I’m going to be honest and say I hadn’t heard of Niki Lauda until this weekend. I’m not an F1 fan and other than accepting that it’s on in the background courtesy of my dad or boyfriend sometimes, occasionally wishing I could go VIP to Monaco Grand Prix (mainly for the party) and knowing that Lewis Hamilton once dated Nicole Sherzinger my knowledge is pretty much zero.

But on Friday this temporarily changed.

Niki Lauda, Austrian Formula 1 legend, had a double lung transplant. Now here’s something I do know a lot about after being lucky enough to have had my own double lung transplant last April at Papworth Hospital in Cambridge.

Lauda reportedly had his transplant after falling ill on holiday in Ibiza in mid-July. It was reported that his condition had progressed and caused severe pneumonia. An appropriate donor was found in Hamburg, Germany and flown to Vienna where on Thursday 2 August, the F1 legend underwent the surgery.

So, initial issues in July to operation in August. A mere two months. And while I am sure it did not feel like a short wait for Lauda or his family, the reality is that in comparison to most people waiting for an organ transplant this is a minute amount of time.

On average in the UK according to Organ Donation UK, individuals will wait 18 months for a transplant from it being deemed medically necessary. This wait can be shorter for a lucky few but it can also be much, much longer and people often die waiting for a transplant. In 2015 it was revealed that in 10 years, over 49,000 people in the UK had to wait for a transplant and that over 6,000 had died waiting for the operation.

Organ donation has been in the news lately in regards to possible future opt-out systems for donations, but I wonder how many people are aware of this outside of the medical, transplant and associated community?

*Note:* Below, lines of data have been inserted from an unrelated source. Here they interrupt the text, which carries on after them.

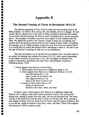 The glorious appearing of Jesus Christ is easily the most exciting event in all Bible prophecy . In Christ ' s first coming , He came humbly , born in a manger . He was cursed , spit on , abused even to the point of being crucified by those He had created . At our Lord ' s Second Coming , He will not come in humility but in " power and great glory ." This passage of Scripture may have more impact on your students than any other . We added this section to the Teacher ' s Guide to assist you in teaching your students about the glorious and powerful Second Coming of Jesus Christ . In teaching this passage , you are telling teenagers things they may never have even heard before . It is crucial that you master this passage before attempting to teach it . Be sure to use the tape of Dawson ' s teachings to help you in your preparation .
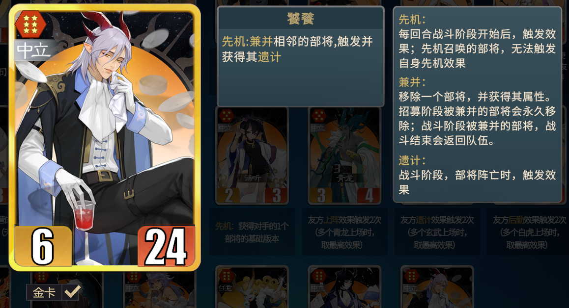 这里要注意,如果让饕餮兼并托塔天王,一定要把托塔天王放在前面!!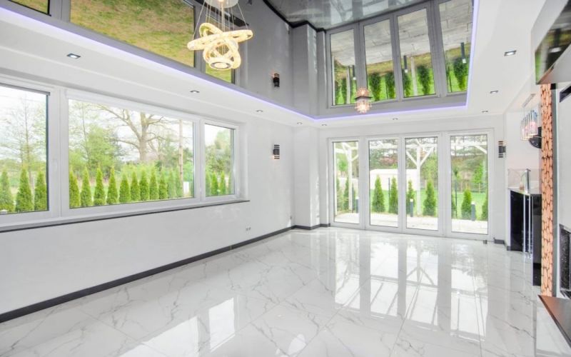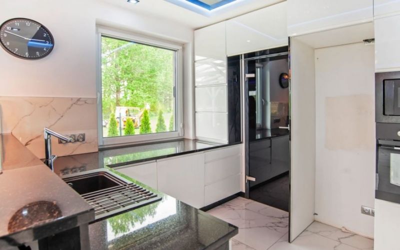 Wnętrze domu to piękny salon z aneksem kuchennym ,gdzie do wykonczenia kuchni użyto granitowych blatów z tego samego materiału użyto do zamontowanych parapetów z salonu mamy wyjście na klimatyczny taras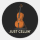Cuto diseño de cello que dice "Just Cellin". Pegatina personalizado para un violín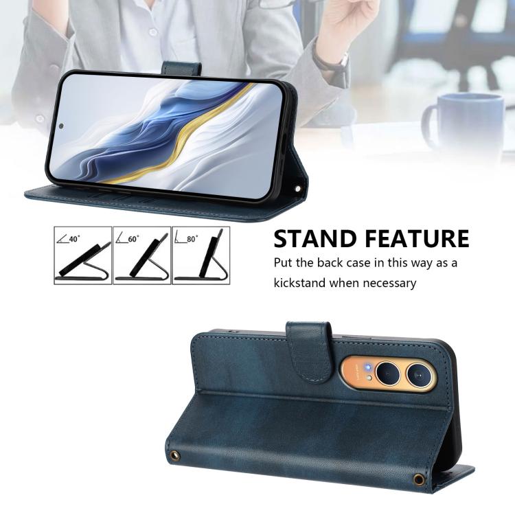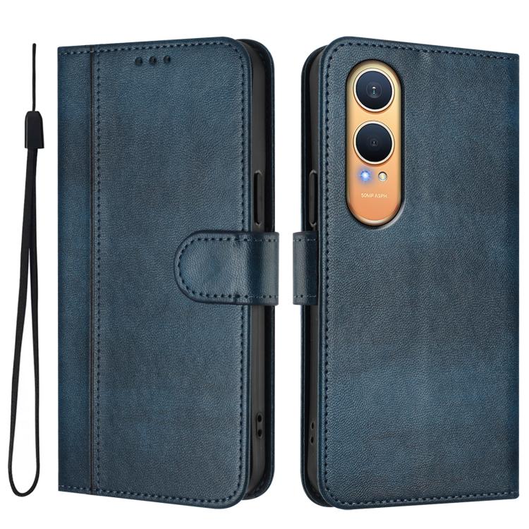 For OnePlus Nord CE4 Lite India Line Splicing Buckle Retro Leather Phone Case(Dark Blue)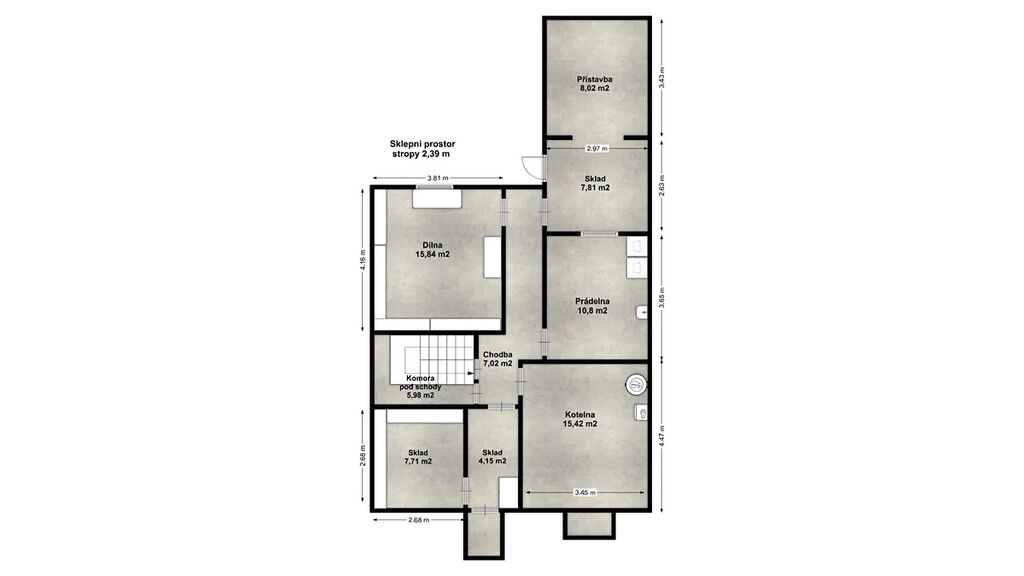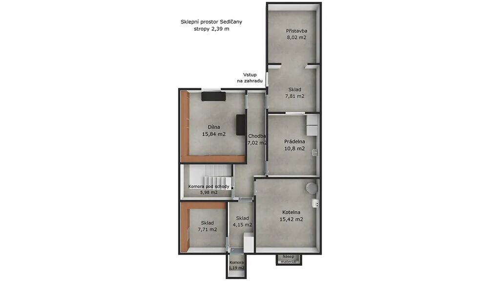 Dům je kompletně podsklepený – k dispozici je 75,92 m² sklepních prostor, které mohou sloužit jako dílna, sklad, domácí posilovna, prostor sauny, zkrátka místo pro vaše hobby.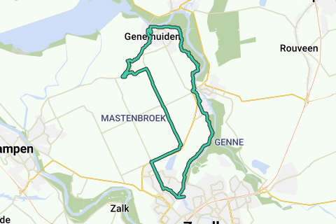 Via hasselt naar Genemuiden. Stukje kamperzeedijk, daarna richting Stadshagen terug naar Zwolle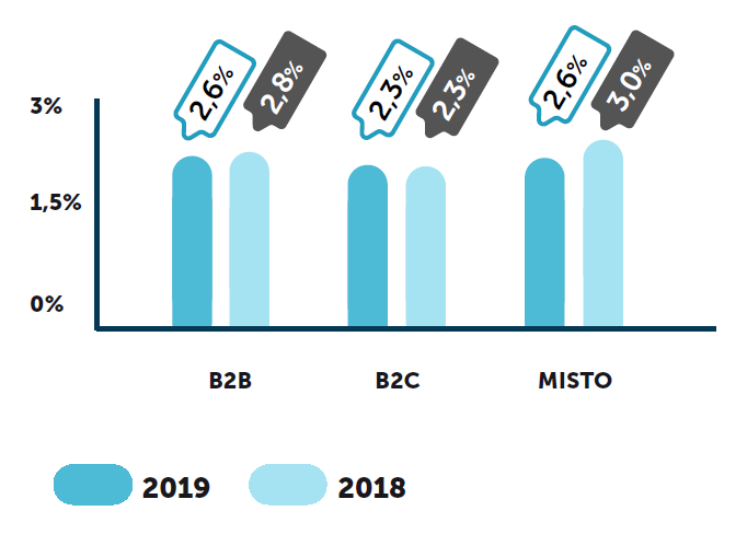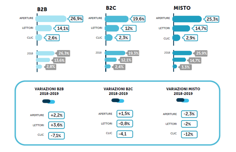 In analyzing the broken-down results by audience type, the mixed sector is almost stationary (from 23.9% to 23.8%: -0.4%) while both B2B (from 27.1% to 27.6%: +1.8%) and B2C (from 18.8% to 19.2%: +2.1%) experience growth.

Probably not as many as read the sports news. A quick search engine trawl showed 5,810,000 results for Lauda and while not all of these stories will be recent thousands are. These articles will, over the last few days, have amassed millions of hits yet while mention of details around the transplant is varied it is largely scarce, often plays down on the severity of the surgery or barely mentions it at all. I am yet to read a piece which mentions the fact that Lauda was lucky to have been able to have a transplant, lucky that a match was found, and he didn’t have to wait, possible longer than he had.

So, while I know this blog won’t have the gravitas of most of those pieces I would urge anyone who is able to consider signing up to be an organ donor. It might not save a celebrity’s life, but it could save the life of a mother, a husband, a sister, a son, of one of over 6,000 individuals in the UK alone who has run out of other options and is waiting for that call to let them know that their second chance has come. It takes two minutes: www.organdonation.nhs.uk.